Understanding Firewall Events

Would anyone find it helpful to start a sticky topic for finding help on understanding the purpose/severity of the different entries that one might find in his/her firewall log?

For example, all I know is that this entry (my web browser) below was blocked. I have no idea what the application is trying to accomplish and if this something to worry about.

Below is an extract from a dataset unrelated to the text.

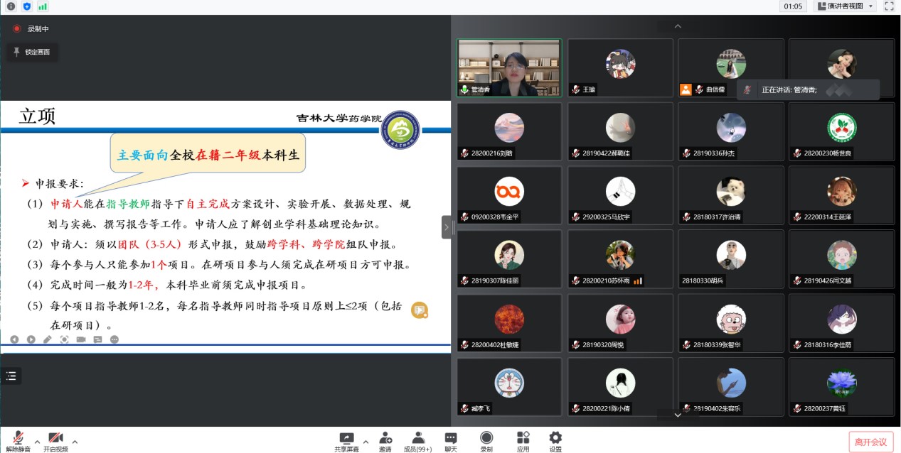 举办大学生创新创业训练计划线上专题指导会。会议由学院教务办主任王瑜主持,教学副院长管清香、教务办全体人员和学院193名本科生参加了会议。

    Application             Action          Source IP       Source Port     Dest. IP        Dest.Port

C:..\seamonkey.exe Blocked MyIPAddr 2119 64.74.243.37 8080

If others have similar questions about their log entries, please chime in so we can get a sticky topic started for analyzing some of our occurring incidents.

Al

In your example, it says your browser is accessing the website of a company called “Marathon Consulting” and being blocked because of using port 8080. Port 8080 is a very commonly used alternative to port 80. I have added it to my port list for “web browser” and have recommended to Melih that Comodo do the same.
The inbounds are more problematical, Some are “housekeeping” data from websites you have “visited”. Unfortunately, when you visit a website, it often reroutes you to various other addresses-advertising, hit counters, embedded http sites, … and all of those can try to send you data via a TCP connection. But makes it hard to make any sense out of “whois”. And then there are the others, that seem to make no sense at all. The one thing they seem to have in common in that blocking them does no harm. Most of us have NAT routers, so the unsolicited stuff from sites we have never visited is blocked by your router-disconnect your router and plug your connection directly into your computer if you really want to see a sea of ■■■■. I get a lot of inbound connection attempts when I don’t block them. Ashwebsv.exe is actually my major interface to the internet, since it is a virus checker for internet traffic, and gets a lot of inbound connection attempts. So does “system”, since a lot of the traffic seems to be system to system messages. Hope someone knowledgeable about the structure of the modern World Wide Web can illuminate this-and maybe do it well enough so that Comodo can block it automatically in a future upgrade. :wink:

It appears so. My browser gets me where I want to go perfectly well without hanging. Whatever was happening did so under the covers and I was not aware of my browser trying to access ‘Marathon Consulting’. It would be interesting to know which website I visited prompted this action.

Thanks for the explanation. Some of this is starting to make more sense.